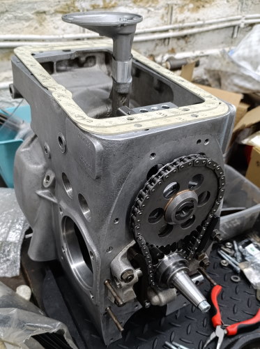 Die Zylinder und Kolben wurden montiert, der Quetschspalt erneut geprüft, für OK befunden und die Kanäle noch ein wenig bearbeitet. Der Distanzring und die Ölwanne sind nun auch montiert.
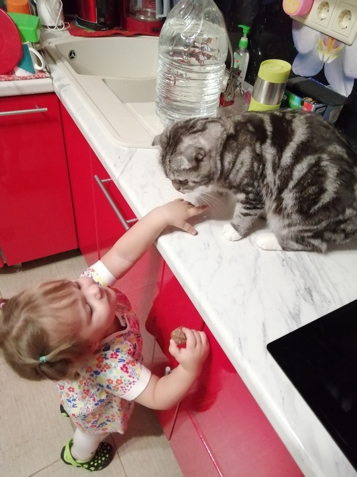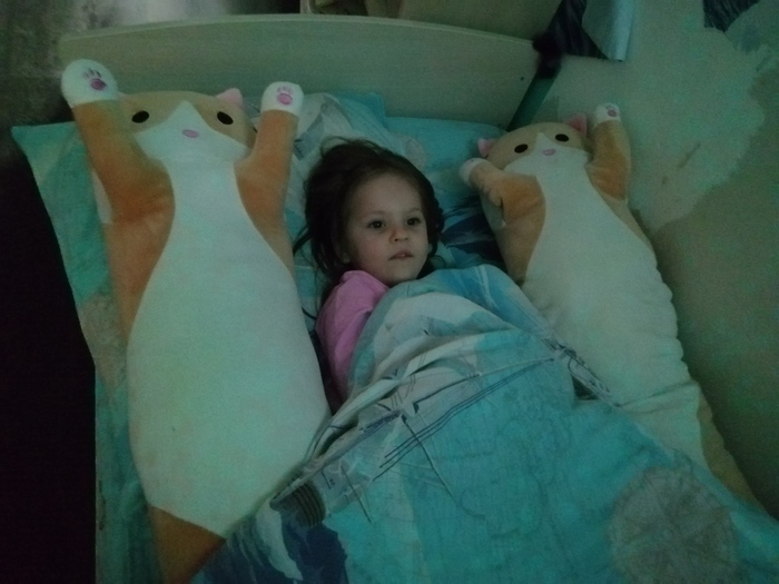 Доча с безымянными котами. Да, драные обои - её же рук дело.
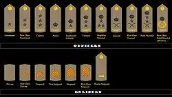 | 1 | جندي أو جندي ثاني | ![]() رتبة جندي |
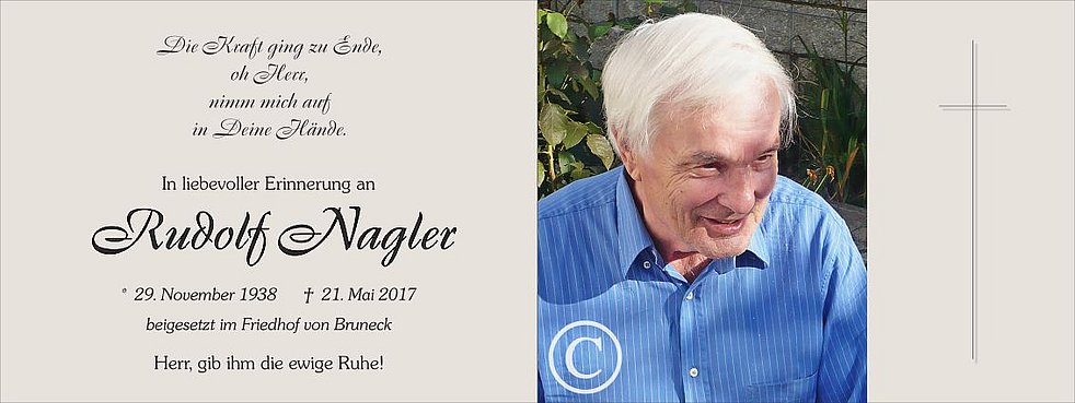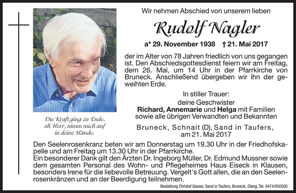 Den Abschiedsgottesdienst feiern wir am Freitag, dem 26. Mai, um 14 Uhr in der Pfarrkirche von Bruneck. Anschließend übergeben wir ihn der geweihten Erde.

◆ **EXERCISE**:
The data above should be repeated exactly, minus any pictures.

◆ **THE ANSWER**:
 Die Zylinder und Kolben wurden montiert, der Quetschspalt erneut geprüft, für OK befunden und die Kanäle noch ein wenig bearbeitet. Der Distanzring und die Ölwanne sind nun auch montiert.
 Доча с безымянными котами. Да, драные обои - её же рук дело.
 | 1 | جندي أو جندي ثاني | ![]() رتبة جندي |
 Den Abschiedsgottesdienst feiern wir am Freitag, dem 26. Mai, um 14 Uhr in der Pfarrkirche von Bruneck. Anschließend übergeben wir ihn der geweihten Erde.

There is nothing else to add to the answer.